The fourth and final stomach a cow has is the one most similar to the stomach that humans and most other animals have. In the abomasum, stomach acids are used to break down the cow’s food, though these acids are less acidic than the acids in the stomach of a human being since cows do not have to digest meat.

What about Bulls, Goats, Sheep, Camels, Buffalo?

Other animals which have multiple stomachs include bulls, goats, sheep, camels, and buffalo.

Bulls, which are male cattle, have the same stomach as cows except for the fact that none of the nutrients digested in their stomachs go into the production of milk like it does with a cow.

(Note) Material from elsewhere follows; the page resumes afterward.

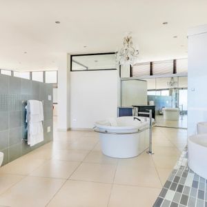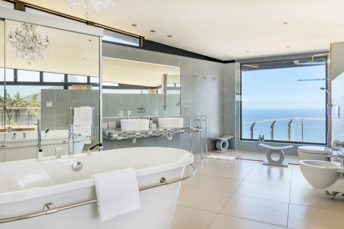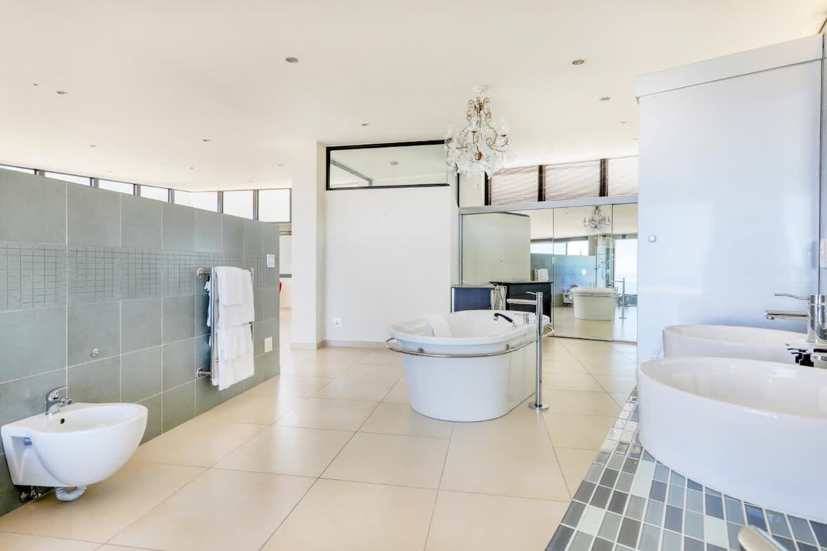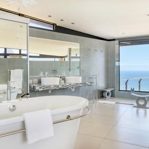 The master suite occupies the top level, featuring a private lounge area, an open-plan bathroom, and breathtaking 360-degree views of Camps Bay. It's a sanctuary of tranquility where you can indulge in unparalleled privacy and luxury.

Like cattle, goats also have four stomachs. While goats are more picky about what they eat than what pop culture portrays them as (tin cans aren’t really part of a goat’s diet) they still will eat a lot of things such as thorns, twigs, and other woody plant material that is even more difficult to digest than grass. Because of this, goats will very often chew their cud in order to break the food down to the point where it can be digested.

Although camels chew their cud and have multiple stomachs, they are not a true ruminant. Instead of having four stomachs, camels have three. They are absent the omasum which is found in other ruminants.

A Buffalo – which is very closely related to a cow – has the same four stomachs and digestive system as cattle.